Major cloud providers are already testing hybrid TLS and quantum-safe encryption pilots.16

Phase 4: Third-Party Risk Management

Enterprises should integrate PQC readiness into:

  • Vendor risk assessments
  • Procurement reviews
  • Security questionnaires
  • Cloud governance programs

This is especially important for organisations supporting critical infrastructure and federal contracts.

Phase 5: Governance and Executive Oversight

Post-quantum cryptography migration is now a board-level issue requiring involvement from CISOs, CIOs, legal teams, procurement leaders, and enterprise architects.

Governance priorities should include:

  • Migration timelines
  • Budget allocation
  • Workforce readiness
  • Vendor accountability
  • Regulatory tracking

Rise of New Enterprises

Over the next five years, post-quantum preparedness may evolve from being purely a cybersecurity program to being a requirement in procurements and vendor governance.

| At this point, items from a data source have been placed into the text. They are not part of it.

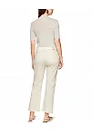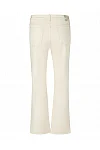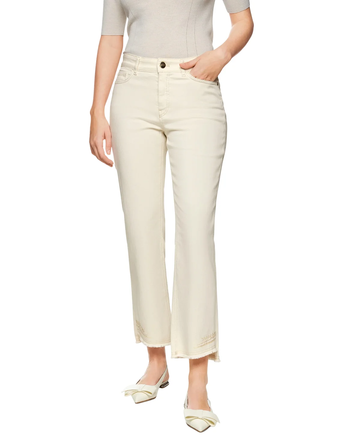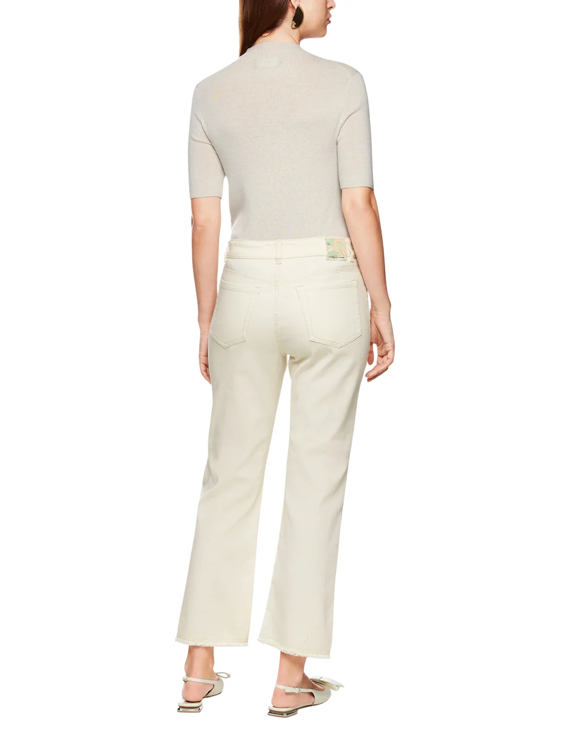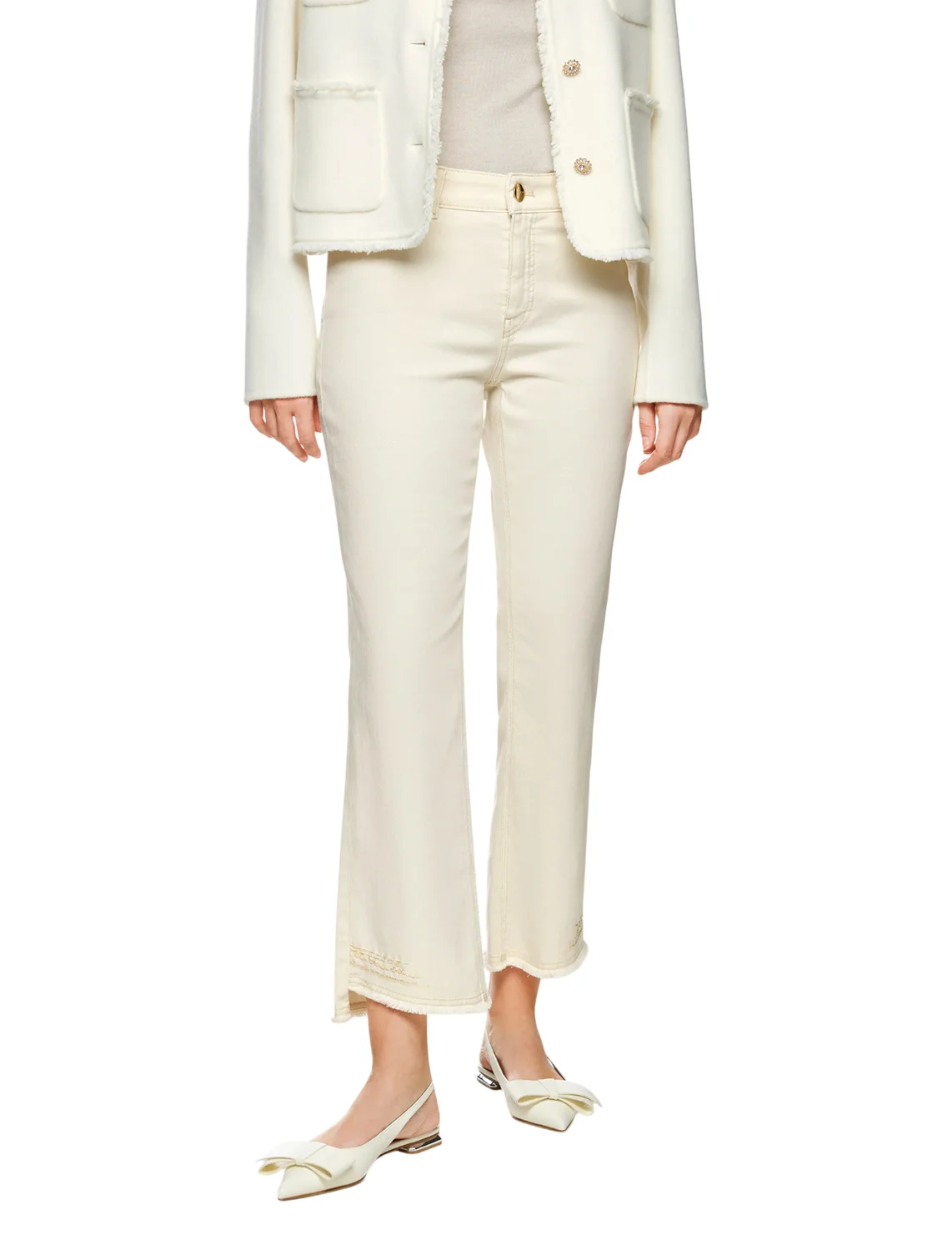 Джинси виготовлені з бавовни, еластомультіестеру й еластану. Модель виконана в розкльошеному крої. Має петлі для ременя, потайну застібку-блискавку з ґудзиком, дві бічні та дві задні накладні кишені. Декоровані дрібною бахромою на подолі штанин і паєтками.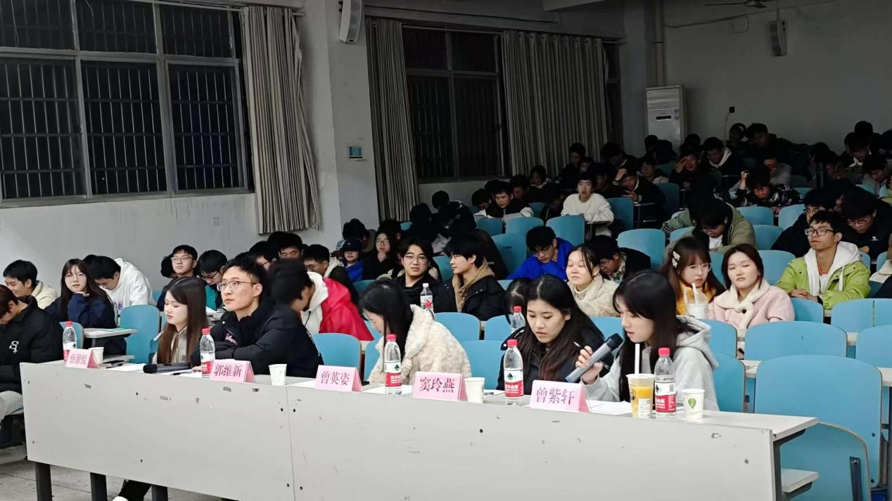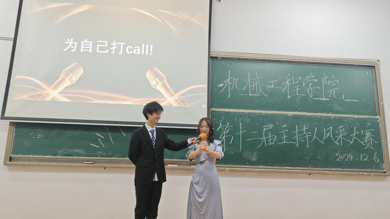 12 月 6 日 19:00,我院于 9T2 教室成功举办第十二届主持人风采大赛决赛。本次比赛特邀学院团委副书记曾英姿、学校大学生艺术团执行主席蔡馨悦、办公室主任郭维新、联络部部长窦玲燕以及第十一届主持人风采大赛冠军曾紫轩担任评委,大赛由陶晓灿主持。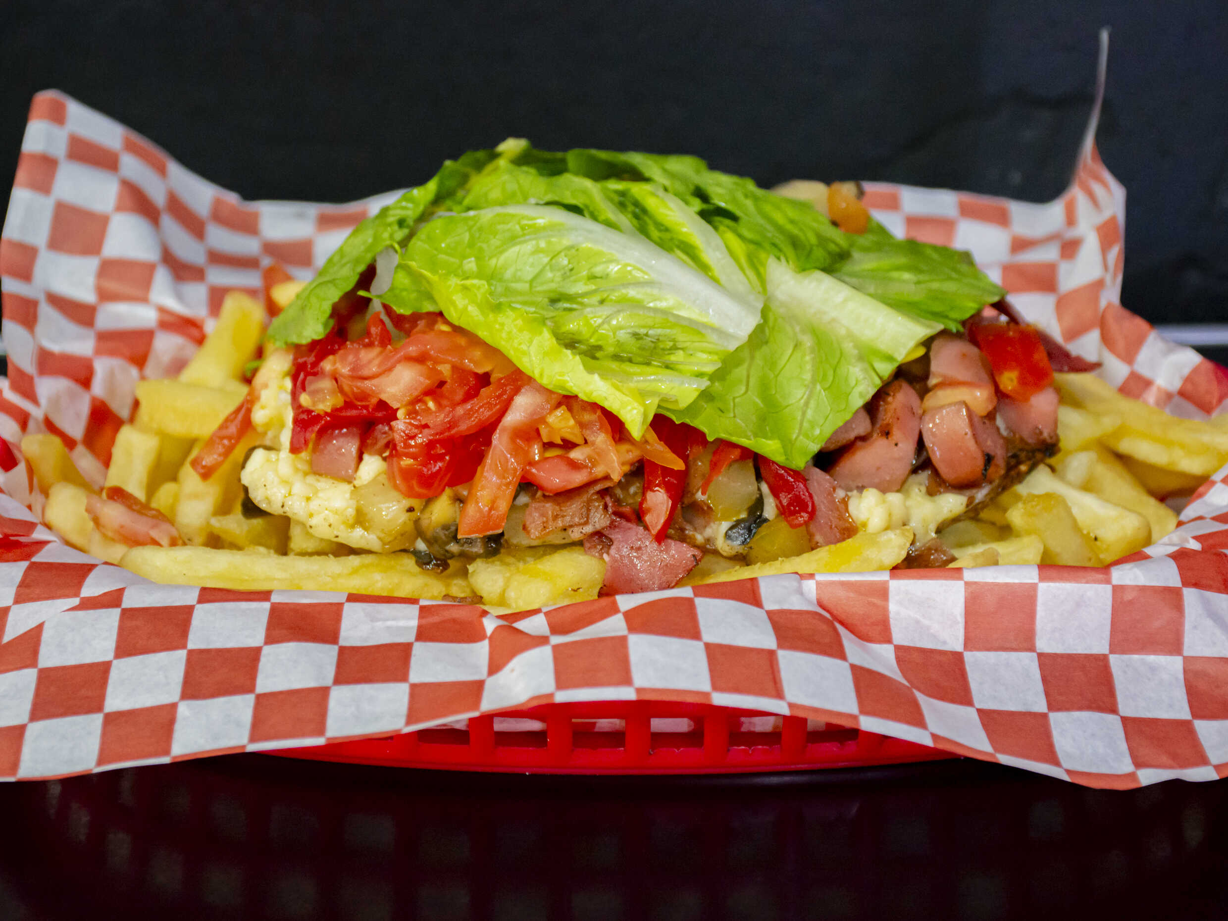 Hechas con papa 100% natural frita al momento, champiñones, piña, queso blanco, queso amarillo fundido, salchichas, tocino, jamón y salami de la mas alta calidad y preparada con mayonesa, mostaza, cátsup y la chimichurri de la casa.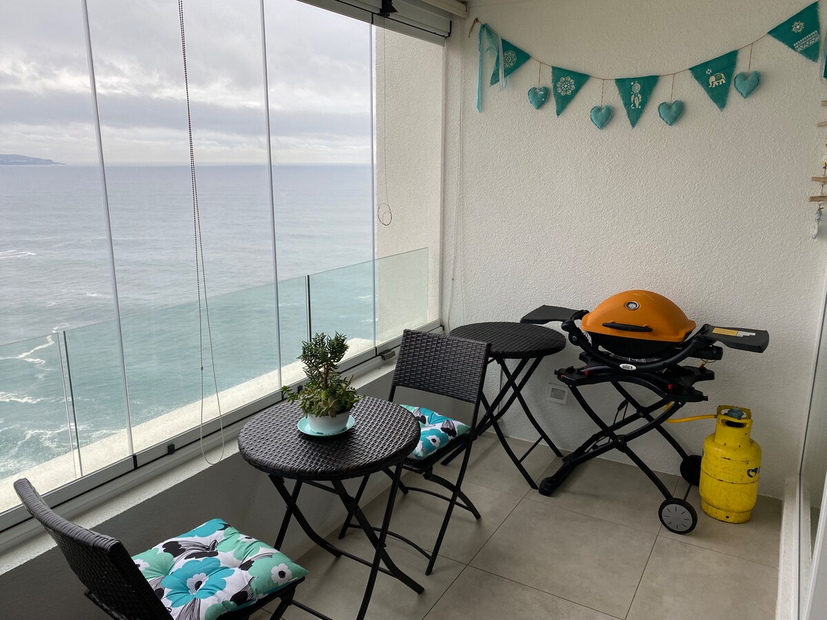 Fijn appartement met prachtige inrichting. Volledig uitgerust voor 4 personen. Eerste lijn, gratis, spectaculair en onoverwinnelijk uitzicht op Valparaíso, het is 15 minuten lopen van Cochoa-strand (je moet een trap af). Het ligt op een steenworp afstand van Lider en Jumbo Supermarket. Inclusief 1 eigen ondergrondse parkeerplaats. Uitstekende connectiviteit en openbaar vervoer een straat verderop. **IS NIET IN DE SINKHOLE ** APPARTEMENT ALLEEN OP AIRBNB Geen sociale media of andere platforms.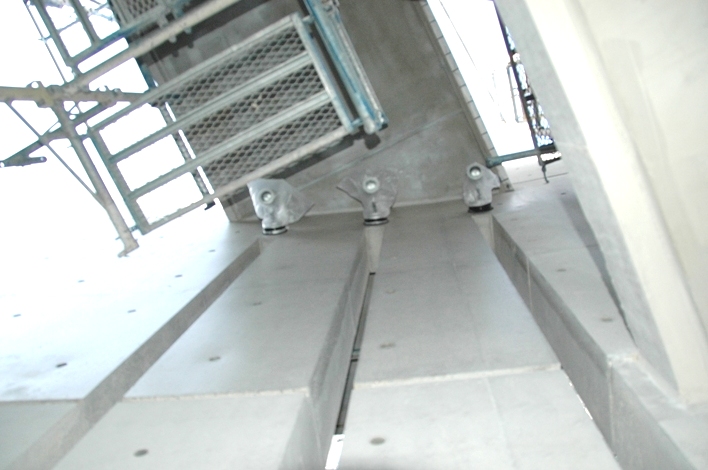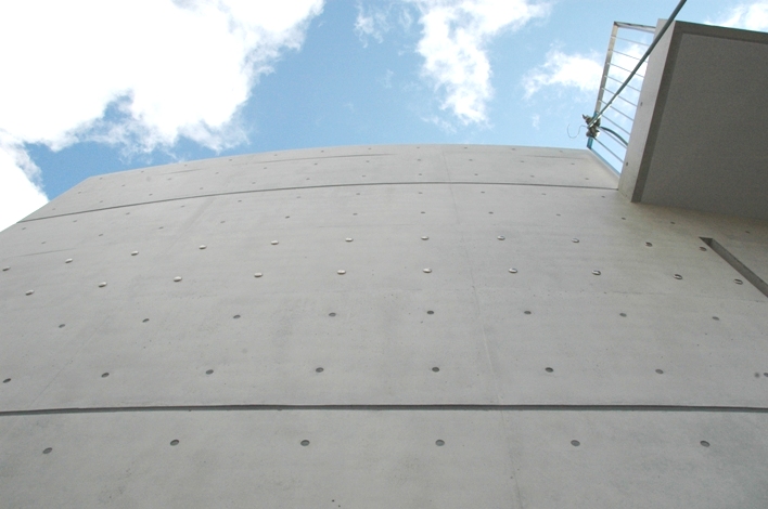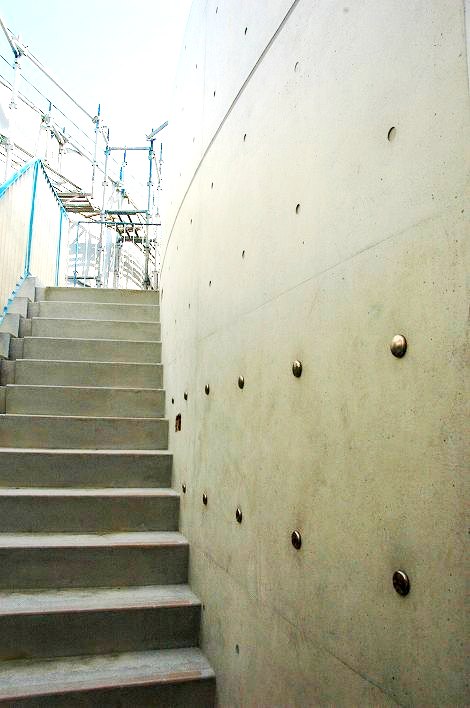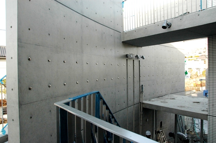 ![]() ![]() ![]() 2009/2/11 アール部 の外階段 を2階の 踊り場から 見上げた セパ穴の 2列には、 商品名 「セパット」 が取り付け てある |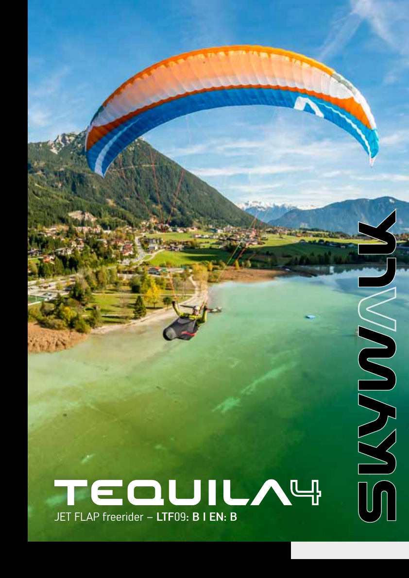 HANDBUCH/SERVICEHEFT 02/2014 SERIENNR.: JET FLAP freerider – LTF09: B I EN: B INHAlTSVERzEICHNIS Einleitung 3 Beschreibung, Technische Daten, Aufhängesystem 4-6 Beschleunigungssystem 8 Gurtzeug 8 Flugpraxis und Flugeigenschaften 9 Abstiegshilfen 16 Extrem-Flugmanöver 18 Materialien 21 Wartung 22 Entsorgung 24 2-Jahres-Check 24 Musterprüfung 25 Natur- und landschaftsverträgliches Verhalten 26 Schlussworte 26 leinenplan 27 Tragegurt 28 Übersicht Schirm 29 Nachprüfprotokoll 30 EINlEITUNG Wir danken dir für Dein Vertrauen in unsere skywalk Produkte und gratulieren Dir herzlich zu Deinem neuen TEQUILA4. In diesem Handbuch findest Du alle relevanten Informationen zur Charakteristik, Sicherheit, Wartung und Pflege Deines neuen Begleiters in der Luft. Wir empfehlen Dir daher, das Handbuch vor Deinem ersten Flug sorgfältig zu studieren und Dich bei Fragen an den Händler Deines Vertrauens oder direkt an uns zu wenden. Du erhältst viele Tipps zum sicheren Fliegen sowie Informationen, die speziell Deinen TEQUILA4 betreffen. Egal ob talentierter Einsteiger oder gelegentlicher Streckenpilot: Der TEQUILA war und ist für viele Piloten eine exzellente Wahl. Darüber hinaus ist er ein echter Intermediate, denn er vereint Sicherheit und Leistung auf hohem Niveau und garantiert somit lange und relaxte Flüge. Daher ist es wichtig, sich auf seine Ausrüstung verlassen zu können. Mit Deinem TEQUILA4 hast Du die perfekte Entscheidung getroffen, Flugspaß und Sicherheit zu vereinen. Dein skywalk Team aus Leidenschaft am Fliegen 3 D E 4 5 BESCHREIBUNG Um einen optimalen Nachfolger für den TEQUILA3 zu entwickeln, wurde mit leidenschaftlicher Arbeit und Liebe zum Detail das Beste aus vielen Prototypen selektiert, um ein Maximum an Leistung, Sicherheit, Stabilität, Handling und Flugspaß für den TEQUILA zu erreichen. Gut zu wissen, dass es einen Flügel gibt, der alle Ansprüche erfüllt – egal ob Du einfach nur aus Spaß an der Freude fliegst, im Hausbart ganz oben dabei sein willst, herausfordernde Strecken angehen möchtest oder gerade erst mit der Ausbildung beginnst. Mit dem neuen TEQUILA4 bringt skywalk hochmoderne CHILI-Technologie in die Genussklasse! Schon immer steht die TEQUILA Baureihe für äußerst hohe passive Sicherheit kombiniert mit großem Leistungspotenzial und absolut unkomplizierter Handhabung. Deswegen hat skywalk auch den TEQUILA4 nicht bis ans Ende der Fahnenstange ausgereizt. Neueste Technologie wie Mini Ribs, 3D-Shaping, Rigid Foils und wenig Leinenmeter machen aus dem reinrassigen 3-Leiner einen Hochstleister seiner Klasse, der Pilotenanspruch bleibt aber zu jeder Zeit absolut überschaubar. Der Allround-Schirm begeistert mit sehr direktem, leichtgängigen Handling und sehr guter Gleitleistung, die Top Speed ist für die Schirmklasse hoch. Dank dem niedrigen Kappengewicht und den Einsatz von Rigid Foils startet der TEQUILA4 kinderleicht. Flugspass pur! Egal, ob talentierter Einsteiger oder Streckenpilot: Der LTF-B und EN-B zertifizierte TEQUILA war und ist für viele Piloten eine exzellente Wahl. lIEFERUMFANG Der TEQUILA4 wird serienmäßig mit Innenpacksack, Kompressionsband, 2 Stickerbögen, Gleitschirmrucksack, Tragegurtschutzhülle und Handbuch ausgeliefert. ACHTUNG DAS TypENSCHIlD IST AUF DIE INNENSEITE DES STABIloS GEDRUCkT. HIER WIRD DATUM UND pIloT DES ERSTFlUGS EINGETRAGEN. DIE MUSTERpRÜFplAkETTE UND DAS DATUM DER STÜCkpRÜFUNG BEFINDEN SICH IN DER MITTElzEllE DES SCHIRMS. SollTE DIESER AUFDRUCk FEHlEN, IST DAVoN AUSzUGEHEN, DASS ES SICH UM EINEN NICHT GEpRÜFTEN pRoToTypEN HANDElT. TECHNISCHE DATEN Größe XS S M l Zellen 45 45 45 45 Fläche ausg. 22,17 25,54 28,30 30,32 Spannw. Ausg. 10,74 11,52 12,13 12,56 Streckung ausg. 5,20 5,20 5,20 5,20 Fläche proj. 18,85 21,72 24,06 25,78 Spannw. proj. 8,50 9,12 9,61 9,94 Streck. proj. 3,84 3,84 3,84 3,84 min. Profiltiefe in cm 61 65 68 71 max. Profiltiefe in cm 249 267 281 291 Mittl. Leinenlänge ohne Tragegurt in cm 629 675 710 735 Leinenverbrauch in m 214 230 242 250 Kappengewicht kg 4,7 5,3 5,6 5,9 Startgewicht von - bis in kg 55-75 70-95 85-110 100-130 Windenzulassung ja ja ja ja JET FLAP Technologie ja ja ja ja Motorzulassung mit speziellen Tragegurten nein nein nein nein JET FlAp Jeder unserer Schirme ist mit der von skywalk patentierten JET FLAP Technologie ausge- stattet. Hierbei wird die Luft vom Untersegel (Druckbereich) aufs Obersegel (Sogbereich) geleitet und dort ausgeblasen. Die Verbindung wird dabei durch düsenförmige Strömungs- kanäle hergestellt, die im hinteren Bereich der Fläche sitzen. Die am Obersegel austre- tende, zusätzliche Luftmasse verzögert die Strömungsablösung, der Stall tritt später ein, der fliegbare Minimumspeed wird geringer und der Pilot hat mehr Anstellwinkelreserve. Gerade in den Phasen, wie Start und Landung, ist dies von erheblicher Bedeutung. Die JET FLAPS verhelfen zudem zu überragender Steigleistung, da auch gefahrlos sehr langsam gekreist werden kann. Das allgemeine Handling des Gleitschirms bleibt erhalten, es bedarf also keiner speziellen Kontrolle des JET FLAP Systems. D E 76 AUFHäNGESySTEM Die Aufhängepunkte wurden auf optimale Lastverteilung und lange Lebensdauer ausgelegt. Bei allen Überlegungen und Berechnungen stand jedoch immer die Sicherheit im Vordergrund. Der Materialmix, der bei den Leinen des TEQUILA4 zum Einsatz kommt, ist eine ideale Kombination aus Haltbarkeit, geringer Dehnung und geringem Luftwiderstand. Die Stammleinen des TEQUILA4 sind aus hochfestem Dyneema mit Polyestermantel gefertigt. Jede dieser Stammleinen verkraftet im Extremfall mehr als 160kg. Für die Topleinen wurde das äußerst alterungsbeständige New Dyneema verbaut. Damit ist auch nach Jahren des intensiven Gebrauchs immer noch eine beruhigende Sicherheit in allen Bereichen vorhanden. Der skywalk TEQUILA4 verfügt über 3 A-, 3 B-, 3 C- und 1 Stabiloleine. Die mit der Haupt- stabiloleine zusammgefassten Topleinen führen direkt zum B-Gurt. Die Bremsleinen sind nicht trage

Organizations that cannot demonstrate cryptographic visibility and crypto-agility may be subject to closer review in cyber-insurance reviews, government procurements, mergers and acquisitions, and third-party assessments.

Operational Challenges for U.S. Enterprises

Despite advances made in recent years, there are some major operational challenges for enterprises considering PQC implementation.

Key Operational Challenges

Challenge

Enterprise Impact

Legacy Infrastructure

Difficult-to-upgrade embedded cryptography

Hybrid TLS Overhead

Increased latency and bandwidth usage

Certificate Sprawl

Limited cryptographic visibility

HSM Compatibility

Potential hardware replacement costs

Skills Gap

Limited internal PQC expertise

Vendor Maturity Variability

Uneven support across platforms

Enterprise Technical Realities

Post-quantum cryptography transition is not merely an encryption upgrade.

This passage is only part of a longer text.